Chapter 26
Chapter
Twenty-Six
We guided Jax slowly down the corridor toward the barracks, each step steadied by Tae and me, though Jax grumbled under his breath the entire way. He’d been healed, but the blood loss still clung to him like a shadow, and his face was pale beneath the healing glow Meri had left on his skin.
Riven walked ahead, clearing the way like she expected Ferrula to be waiting on the other side of the door with a fist or a blade.
She wasn’t far off.
When we stepped inside, Ferrula was already standing by her bunk, arms crossed tightly over her chest, her jaw clenched, eyes locked on the door like she’d been waiting for a fight.
Cordelle was gone. His bunk empty, his books stacked too neatly to have been a hasty departure. It struck me as strange. He was the last person I expected to leave when one of us was injured. But I didn’t have time to dwell on it.
We got Jax to his bed, and he eased down slowly, one arm wrapped around his ribs. He lay back with a groan, blinking up at the ceiling, then over at Ferrula’s unflinching glare.
“I may have fucked up,” he said with a half-smile.
Ferrula didn’t return it.
Her hand went to her blade.
“You embarrassed me.”
The words landed like a slap. Cold, deliberate, with venom.
Jax winced, not from pain, but from her.
“I didn’t mean to,” he said, his voice low. “You would’ve died.”
Her eyes narrowed. “Then I would have died. On my feet. In a trial. With honor.”
She turned toward him fully now, her muscles coiled, like she had to physically restrain herself from saying or doing more.
“You don’t get to decide when I fall, Jax.”
He sat up slowly, his expression uncharacteristically solemn.
“I know that now.”
Ferrula held his gaze a moment longer. Then, with a quiet scoff, she turned back toward her bunk and began unstrapping her armor piece by piece, each buckle louder than the silence that followed.
The tension simmered for hours, stretched thin like the silence before a storm.

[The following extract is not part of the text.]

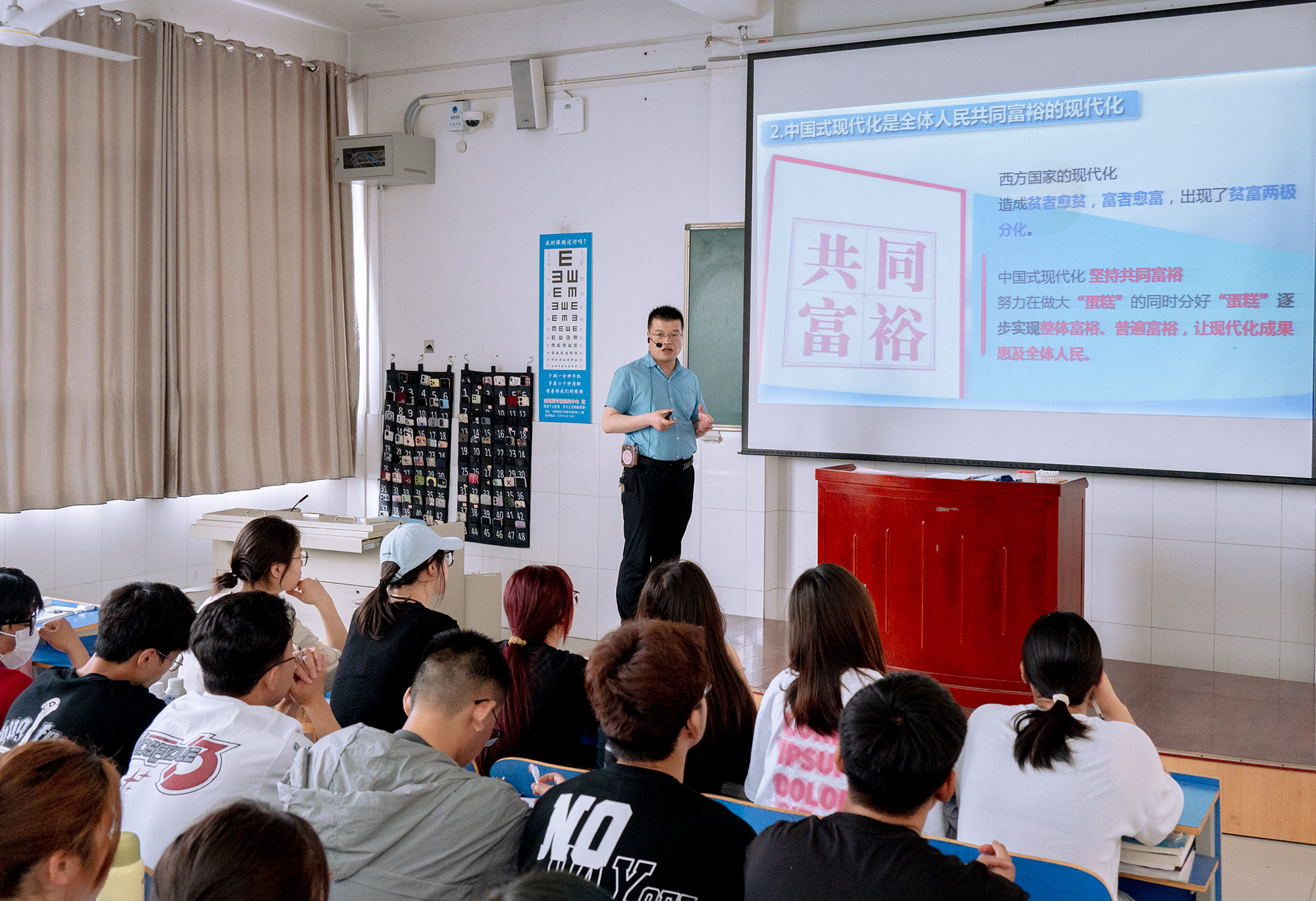 刘涛以方志敏烈士《可爱的中国》开讲,从“读懂中国式现代化的中国特色、推进中国式现代化行稳致远、新时代新征程青年的使命担当”三个方面进行了深入浅出的讲解,既有整体解读也有重点阐释。课程结合当前国际国内形势,通过典型案例,从历史和现实等多层面引导学生理解“如何读懂中国式现代化的中国特色”和“怎样承担新时代青年的责任使命”这些重要课题。课堂上观看了习近平总书记与大学生在一起的温暖瞬间,重温了习近平总书记对大学生们的殷切寄语:“不负韶华,不负时代,不负人民,在青春的赛道上奋力奔跑,争取跑出当代青年的最好成绩”。最后,他还结合多盈手机在线登录优秀毕业生范浩源、史双奎的先进事迹,鼓励同学们既要怀抱梦想又要脚踏实地,既要敢想敢为又要善作善成,立志做有理想、敢担当、能吃苦、肯奋斗的新时代好青年,让青春在推进中国式现代化的火热实践中绽放绚丽之花。
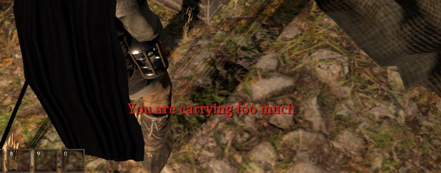 - Now shows a message about carrying too much when you are over your carrying capacity. Used to you would just go slower until you stopped without knowing why.

None of us said much after returning to the barracks.
Jax had rested, barely, and Ferrula hadn’t spared him a single glance since she stripped off her armor and folded herself into a stoic, cold wall on the far side of the room.
But it didn’t last.
“You still mad?” Jax finally asked from his cot, his voice casual, but his eyes didn’t move from her.

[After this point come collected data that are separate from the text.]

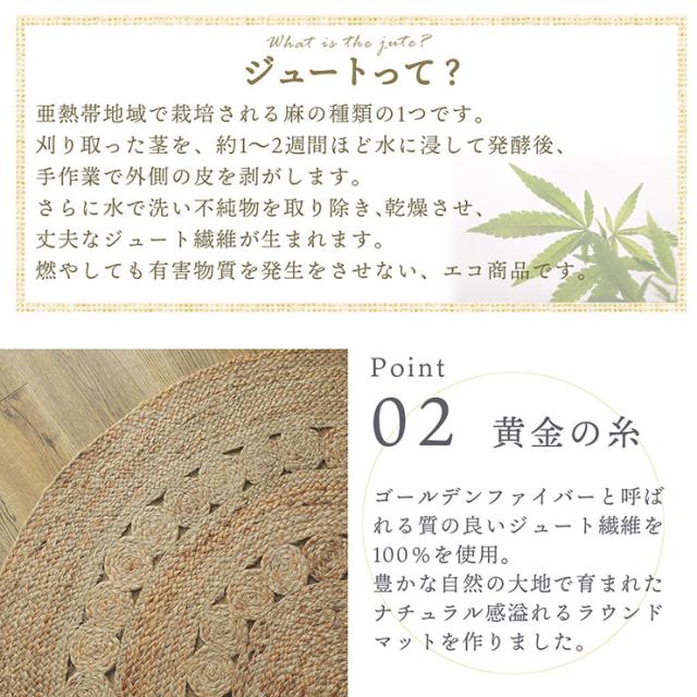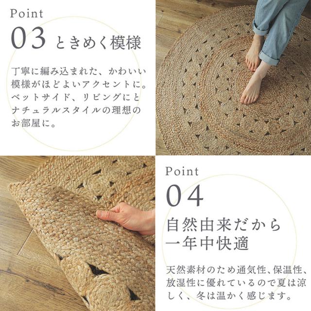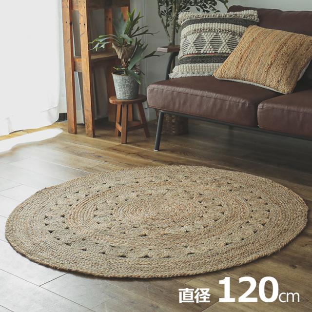 ラグ カーペット 直径120cm 円形 ジュートラグ 敷き物 ジュート100% ラグマット 円形ラグ ラウンドマット 玄関マット チェアマット ベッドサイド オールシーズン 麻 西海岸 おしゃれ ダリ
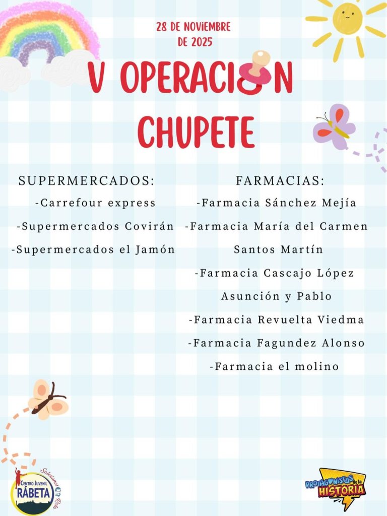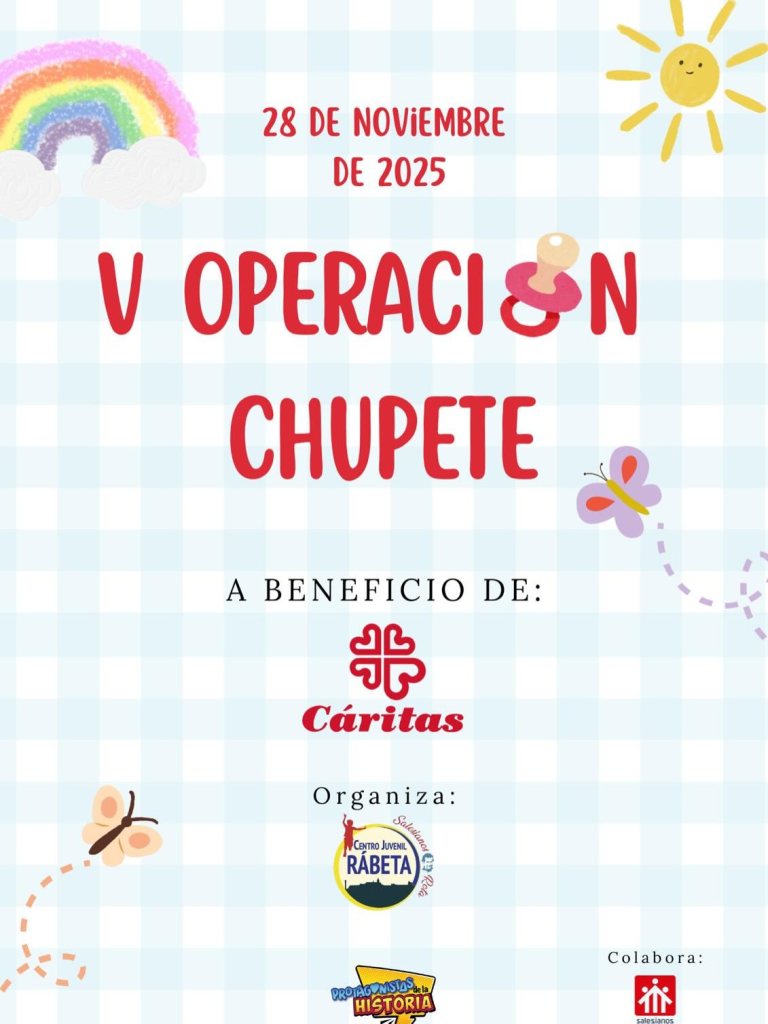 El Centro Juvenil «Rábeta», del Colegio Salesianos, organiza mañana viernes 28 de noviembre durante la tarde la V Operación Chupete, una campaña en la que salen con sus niños/as a distintos supermercados y farmacias del centro a recoger productos infantiles (pañales, potitos, leche, etc.) a beneficio de Cáritas.
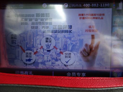 もし仮に画面の反応が良いとしても、やはり時間が十分かという疑問はつきまとい、さらに中国のタクシーのように激しく揺れる車内ではじっくりと買い物など出来ないという気がするのである。
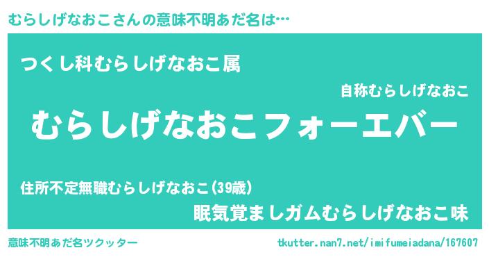 | ファンタジー風あだ名 | 『エターナルムラシゲナオコー』 |
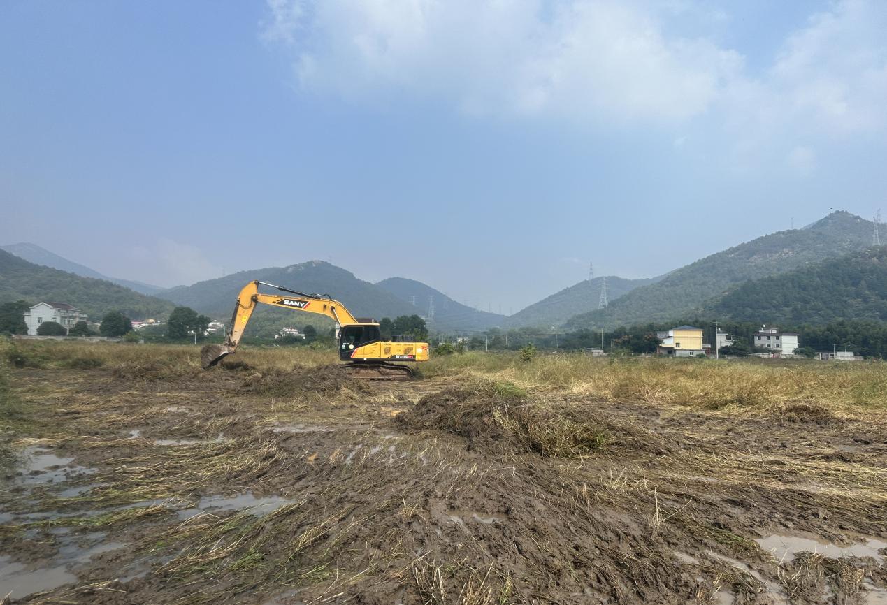 近日,在宣店社區(qū)農(nóng)田施工現(xiàn)場(chǎng),多臺(tái)挖掘機(jī)開(kāi)足馬力穿梭在田間,平整土地,呈現(xiàn)出一派繁忙景象。
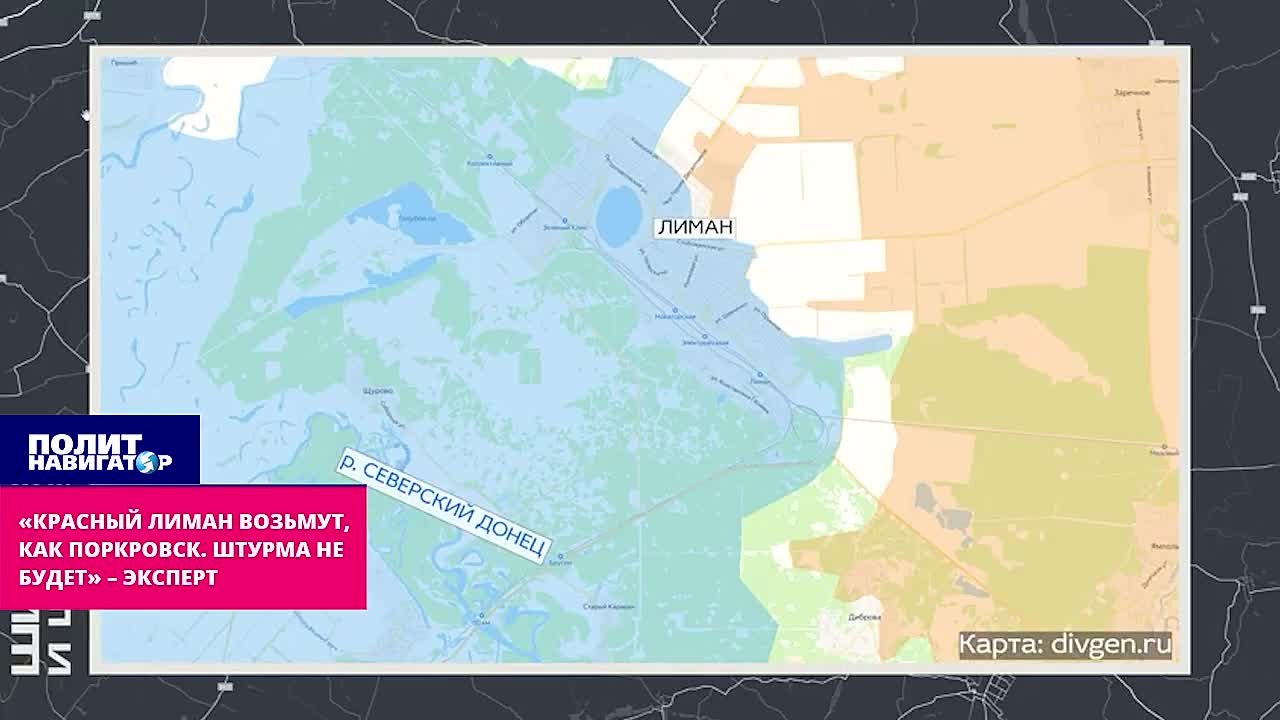 «Обращаю внимание на Лиман. Там уже конкретно совершенно начинается подготовка к завладению городом, и я предполагаю, что штурма не будет. Будет нечто похожее на то, что произошло в Покровске. Медленное накопление и предъявление прав, как говорится, на участок.

Ferrula looked up slowly from the whetstone she was dragging across her blade. The sound of metal on stone stopped.
“I don’t get mad,” she said coolly. “I get disappointed.”
Jax pushed himself upright with a wince. “That’s worse.”
“Damn right it is.”
Riven, and I exchanged a look from across the room. Naia paused in her corner, her hands halfway through braiding her hair, eyes flicking between them like she was bracing for the detonation.
“You stepped into my fight,” Ferrula said, rising to her feet and tossing the blade onto her bunk. “You interfered in a trial that meant everything to me. That wasn’t your right.”
“You were about to take a sword to the face,” Jax shot back. “Forgive me for thinking your life was worth more than a damn tradition.”
Ferrula stalked toward him. “You think I don’t know how close it was? I wanted to face him. I needed to. And you stripped that from me.”
“I was trying to protect you!”
“I didn’t need protection!”
Jax stood now, too, wincing slightly but still squaring his broad shoulders. “You think I did it because I don’t trust you?”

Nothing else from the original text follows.